The Snake Plant seemed perfect – architectural, nearly indestructible, and forgiving of the neglect that Carlos would inevitably provide. The sales associate described it as "perfect for beginners," which Carlos took as a personal affront.
"I'm not a beginner at life," he huffed as we carried the plant to his car. "I'm forty-two. I've filed taxes and everything."
"You microwaved a metal bowl last week," I reminded him. "The Snake Plant is a vote of confidence."
Three months later, the plant has not only survived but produced a baby shoot, which Carlos displays on video calls with the pride normally reserved for honor roll students.
Large indoor plants for clean air
My latest additions are what I call my "guilt-offset" collection – plants that NASA studies suggest improve air quality. This helps me feel better about my other habits, like occasionally smoking on my balcony or ordering too much takeout in plastic containers.
My Boston Fern, Bernadette, sheds more than my aunt's Pomeranian but supposedly filters the air with the efficiency of a small Dyson.
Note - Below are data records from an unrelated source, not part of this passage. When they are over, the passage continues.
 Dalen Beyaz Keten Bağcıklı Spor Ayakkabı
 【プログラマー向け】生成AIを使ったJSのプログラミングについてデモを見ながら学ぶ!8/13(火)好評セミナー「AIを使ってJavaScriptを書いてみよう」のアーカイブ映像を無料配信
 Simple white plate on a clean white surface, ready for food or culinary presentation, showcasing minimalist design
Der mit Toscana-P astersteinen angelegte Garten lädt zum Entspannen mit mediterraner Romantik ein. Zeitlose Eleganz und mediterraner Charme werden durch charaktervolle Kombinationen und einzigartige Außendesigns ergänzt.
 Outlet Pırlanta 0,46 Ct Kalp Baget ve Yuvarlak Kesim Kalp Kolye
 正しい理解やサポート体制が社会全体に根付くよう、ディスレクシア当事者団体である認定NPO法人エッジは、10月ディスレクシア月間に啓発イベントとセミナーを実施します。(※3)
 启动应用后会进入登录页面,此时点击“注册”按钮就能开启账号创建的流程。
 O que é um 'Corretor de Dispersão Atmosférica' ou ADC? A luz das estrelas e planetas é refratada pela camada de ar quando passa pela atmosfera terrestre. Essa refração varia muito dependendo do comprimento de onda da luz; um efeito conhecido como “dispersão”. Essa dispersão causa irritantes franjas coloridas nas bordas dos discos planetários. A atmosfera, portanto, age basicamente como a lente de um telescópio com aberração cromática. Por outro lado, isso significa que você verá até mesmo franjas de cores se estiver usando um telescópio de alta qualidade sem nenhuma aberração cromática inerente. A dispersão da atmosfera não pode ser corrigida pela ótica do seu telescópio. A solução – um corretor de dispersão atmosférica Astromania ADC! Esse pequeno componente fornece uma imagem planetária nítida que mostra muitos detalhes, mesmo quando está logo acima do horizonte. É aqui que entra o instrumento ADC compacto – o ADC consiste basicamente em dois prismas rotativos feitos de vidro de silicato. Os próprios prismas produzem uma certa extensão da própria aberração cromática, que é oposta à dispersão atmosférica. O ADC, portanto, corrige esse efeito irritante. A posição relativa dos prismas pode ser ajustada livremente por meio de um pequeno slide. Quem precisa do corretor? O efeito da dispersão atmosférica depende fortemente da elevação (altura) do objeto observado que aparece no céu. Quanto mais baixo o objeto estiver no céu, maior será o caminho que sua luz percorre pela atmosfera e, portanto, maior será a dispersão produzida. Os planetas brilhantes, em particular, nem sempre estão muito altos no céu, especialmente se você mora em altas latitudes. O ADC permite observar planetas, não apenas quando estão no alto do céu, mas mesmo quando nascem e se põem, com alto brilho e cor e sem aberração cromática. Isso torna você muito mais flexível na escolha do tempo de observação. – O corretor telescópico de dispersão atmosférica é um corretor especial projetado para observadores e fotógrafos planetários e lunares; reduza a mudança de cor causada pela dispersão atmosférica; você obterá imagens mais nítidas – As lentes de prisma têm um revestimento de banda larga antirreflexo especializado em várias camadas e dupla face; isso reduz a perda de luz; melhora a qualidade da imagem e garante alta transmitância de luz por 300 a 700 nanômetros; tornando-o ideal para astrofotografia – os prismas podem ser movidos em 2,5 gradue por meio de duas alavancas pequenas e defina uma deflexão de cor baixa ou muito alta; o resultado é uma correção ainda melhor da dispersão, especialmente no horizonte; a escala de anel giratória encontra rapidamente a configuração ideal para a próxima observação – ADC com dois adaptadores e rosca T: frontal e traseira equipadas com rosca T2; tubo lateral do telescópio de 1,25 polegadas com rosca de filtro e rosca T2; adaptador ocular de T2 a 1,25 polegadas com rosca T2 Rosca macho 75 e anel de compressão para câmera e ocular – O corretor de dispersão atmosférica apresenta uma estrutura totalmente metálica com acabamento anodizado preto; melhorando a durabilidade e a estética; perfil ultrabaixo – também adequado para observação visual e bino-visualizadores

The Peace Lily (Marlene) and Rubber Plant (Roberto) complete my air-purifying trio, turning my apartment into what I imagine the inside of Gwyneth Paltrow's lungs must look like.
Do they actually make my air cleaner? Toronto's winter air certainly seems better inside my plant-filled apartment than outside, where it carries the distinct bouquet of slush, exhaust, and regret. But more importantly, they've given me something to care for during those months when going outside feels like an arctic expedition.
I'm not saying plants are a replacement for proper therapy or medication, but there's something undeniably healing about watching something thrive under your care. Even in Toronto's darkest winter days, my apartment remains stubbornly, defiantly alive – a personal rainforest where the forecast is always growth with a chance of occasional overwatering.